● About this task: Reproduce the entries shown below only from the line with "55個新材料(如有機高分子、" down to the line with "Uber isn’t afraid", keeping both end lines and copying each one exactly.

● Given data:
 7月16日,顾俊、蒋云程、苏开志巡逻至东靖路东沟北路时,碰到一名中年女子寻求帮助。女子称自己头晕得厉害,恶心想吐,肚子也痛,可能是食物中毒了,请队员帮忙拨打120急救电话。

--

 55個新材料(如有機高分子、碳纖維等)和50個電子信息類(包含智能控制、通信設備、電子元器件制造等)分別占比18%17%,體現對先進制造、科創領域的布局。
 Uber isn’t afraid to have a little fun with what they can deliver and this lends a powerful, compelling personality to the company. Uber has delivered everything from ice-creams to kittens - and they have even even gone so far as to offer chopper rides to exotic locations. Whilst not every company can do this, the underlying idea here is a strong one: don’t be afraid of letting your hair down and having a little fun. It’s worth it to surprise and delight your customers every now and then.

* * *

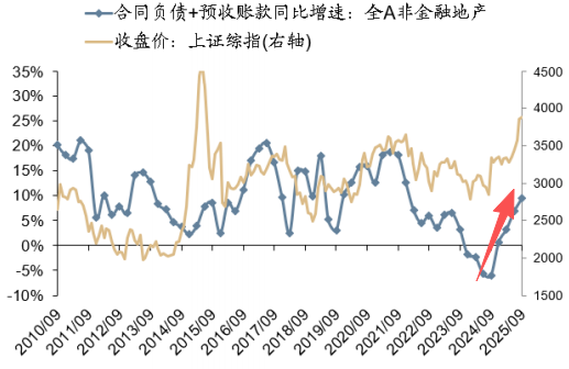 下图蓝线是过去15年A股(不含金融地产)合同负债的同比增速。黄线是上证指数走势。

● Task result:
 55個新材料(如有機高分子、碳纖維等)和50個電子信息類(包含智能控制、通信設備、電子元器件制造等)分別占比18%17%,體現對先進制造、科創領域的布局。
 Uber isn’t afraid to have a little fun with what they can deliver and this lends a powerful, compelling personality to the company. Uber has delivered everything from ice-creams to kittens - and they have even even gone so far as to offer chopper rides to exotic locations. Whilst not every company can do this, the underlying idea here is a strong one: don’t be afraid of letting your hair down and having a little fun. It’s worth it to surprise and delight your customers every now and then.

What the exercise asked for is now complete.